Interaction with cross-run memory
Error recovery and memory are complementary:
- Memory records what happened for future runs to learn from.
- Recovery determines what to do right now in response to a failure.
- A retry that succeeds generates a positive memory signal ("the second attempt with approach B worked after approach A failed").
- A retry that fails generates a negative signal ("this task has failed 3 times; do not auto-assign to agents until the underlying issue is resolved").
The risk: if recovery decisions feed into memory without review, a poorly-chosen retry strategy can poison future run context. For example, recording "approach B works" when it only worked due to a transient condition creates a false lesson.
Relationship to flapping
Retry loops can become flapping when the system does not converge. See flapping-convergence.md for detection and circuit-breaking mechanisms.
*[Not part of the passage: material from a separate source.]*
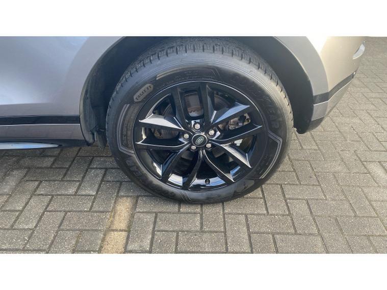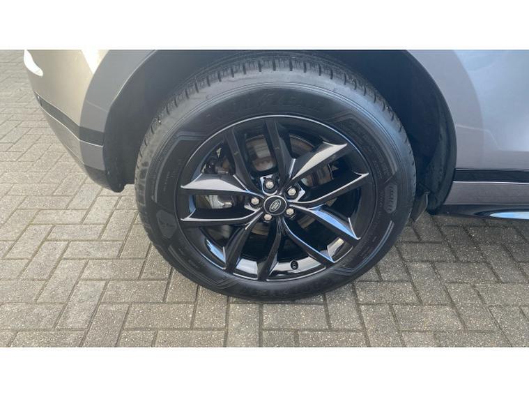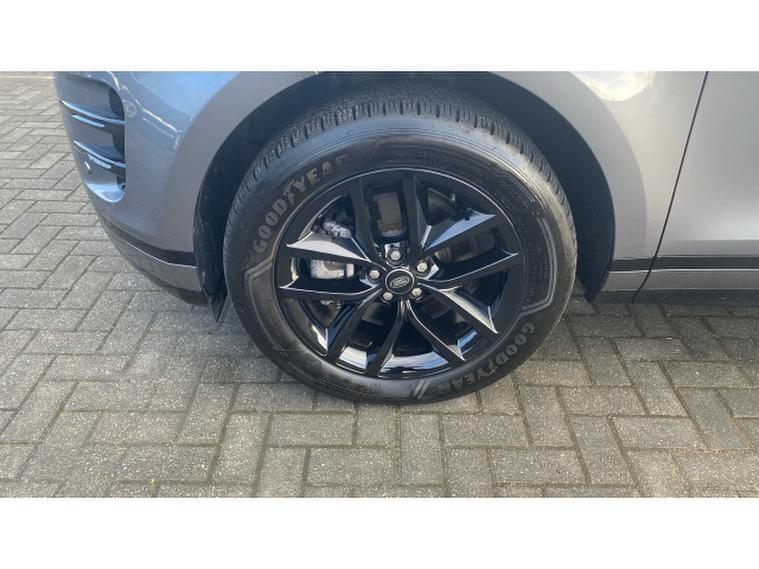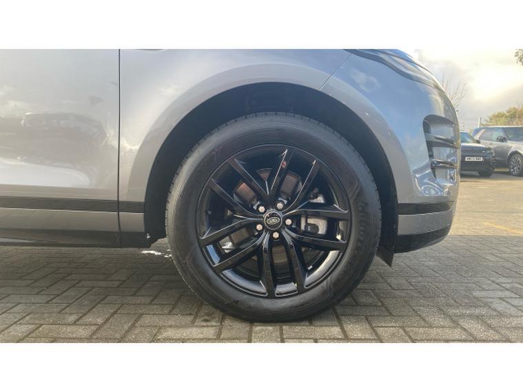 This Evoque is equipped with Reduced Section Steel Spare Wheel, 19 Style 5136 Gloss Black alloy wheels, Fixed Panoramic Roof, Privacy Glass, and Black Exterior Pack, enhancing both its styling and practicality.

Error recovery addresses the single-task question (when to retry vs. escalate); flapping addresses the systemic question (when to stop the system from oscillating).
Open questions
- Which run outcomes are safe to feed forward automatically, and which require human review first?
- Should memory entries be observations only, or can any of them become instructions?
- How should future agents distinguish system-derived facts from agent-authored interpretations?
- Can non-review-gated memory be made safe enough, or should all durable memory promotion go through reviewed repo instructions or skills?
- How should memory interact with separate agent roles? Should triage memory ever influence review behavior directly?
- What retention model prevents stale memory from dominating: time-based, count-based, outcome-based, or explicit supersession?
- Should the retro agent curate memory by pruning stale entries and proposing durable skill additions, or would that give it too much influence over future runs?
- How should memory interact with structured agent output? Should agent output include an "observations" field that post-scripts can validate and classify?